Find all files containing the text "import asyncio":

for match in vexy_glob.find("**/*.py", content="import asyncio"):
    print(f"{match.path}:{match.line_number}: {match.line_text}")

What is vexy_glob?

vexy_glob is a Python library that provides a powerful and efficient way to find files and search for content within them.
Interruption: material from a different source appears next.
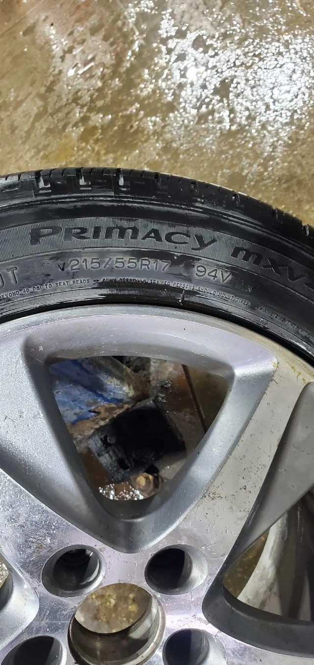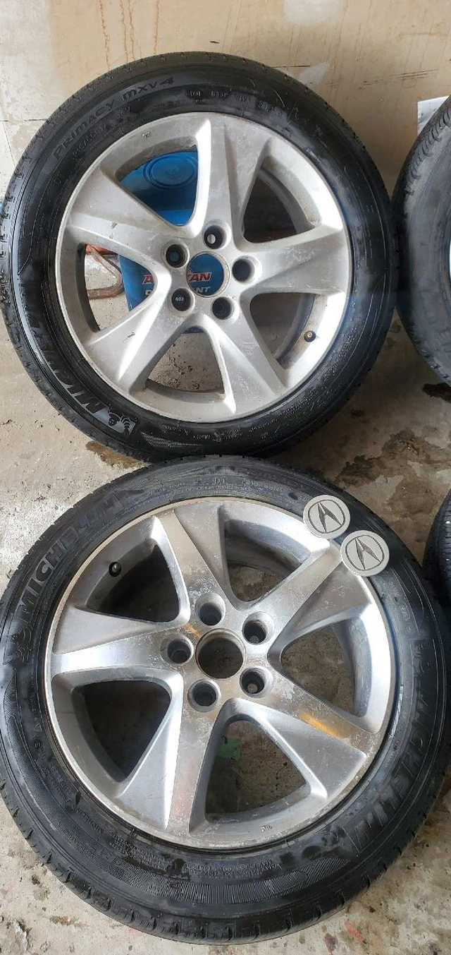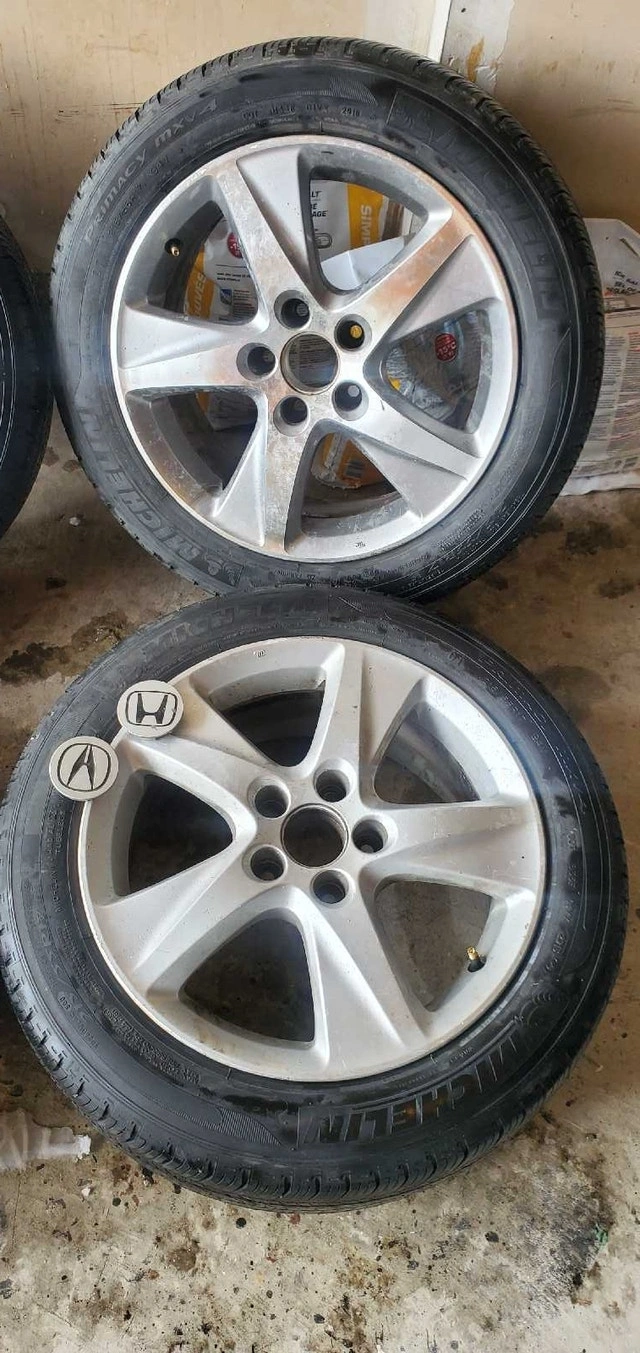 Set of 4 Michelin Primacy MXV4 tires mounted on OEM alloy rims. Tire size is 215/55R17 94V. These came off a 2009-2014 Acura TSX. Includes three Acura center caps and one Honda center cap. They are in good condition. Rim spec is 7x7.5J ET55. $650 or best offer.

It's built on top of the excellent Rust crates ignore (for file traversal) and grep-searcher (for content searching), which are the same engines powering tools like fd and ripgrep.

This means you get the speed and efficiency of Rust, with the convenience and ease of use of Python.

Key Features

  • Blazing Fast: 10-100x faster than Python's glob and pathlib for many use cases.
  • Streaming Results: Get the first results in milliseconds, without waiting for the entire file system scan to complete.
  • Memory Efficient: vexy_glob uses constant memory, regardless of the number of files or results.
  • Parallel Execution: Utilizes all your CPU cores to get the job done as quickly as possible.
  • Content Searching: Ripgrep-style content searching with regex support.
  • Rich Filtering: Filter files by size, modification time, and more.
  • Smart Defaults: Automatically respects .gitignore files and skips hidden files and directories.
  • Cross-Platform: Works on Linux, macOS, and Windows.

How it Works

vexy_glob uses a Rust-powered backend to perform the heavy lifting of file system traversal and content searching. The Rust extension releases Python's Global Interpreter Lock (GIL), allowing for true parallelism and a significant performance boost.
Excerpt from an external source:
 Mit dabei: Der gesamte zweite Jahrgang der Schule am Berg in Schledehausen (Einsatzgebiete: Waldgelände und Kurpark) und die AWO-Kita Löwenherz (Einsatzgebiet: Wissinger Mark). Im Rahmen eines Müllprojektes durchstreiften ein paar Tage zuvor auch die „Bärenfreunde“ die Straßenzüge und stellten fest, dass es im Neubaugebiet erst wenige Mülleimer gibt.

Results are streamed back to Python as they are found, using a producer-consumer architecture with crossbeam channels. This means you can start processing results immediately, without having to wait for the entire search to finish.

Why use vexy_glob?

If you find yourself writing scripts that need to find files based on patterns, or search for content within files, vexy_glob can be a game-changer. It's particularly useful for:

  • Large codebases: Quickly find files or code snippets in large projects.
  • Log file analysis: Search through gigabytes of logs in seconds.
  • Data processing pipelines: Efficiently find and process files based on various criteria.
  • Anywhere you need to find files fast!

Installation and Usage

Python Library

Install vexy_glob using pip:

pip install vexy_glob

Then use it in your Python code:

import vexy_glob

# Find all Python files
for path in vexy_glob.find("**/*.py"):
    print(path)

Command-Line Interface

vexy_glob also provides a powerful command-line interface for finding files and searching content directly from your terminal.

Finding Files

Use vexy_glob find to locate files matching glob patterns:

# Find all Python files
vexy_glob find "**/*.py"

# Find all markdown files larger than 10KB
vexy_glob find "**/*.md" --min-size 10k

# Find all log files modified in the last 2 days
vexy_glob find "*.log" --mtime-after -2d

# Find only directories
vexy_glob find "*" --type d

# Include hidden files
vexy_glob find "*" --hidden

# Limit search depth
vexy_glob find "**/*.txt" --depth 2

Searching Content

Use vexy_glob search to find content within files:

# Search for "import asyncio" in Python files
vexy_glob search "**/*.py" "import asyncio"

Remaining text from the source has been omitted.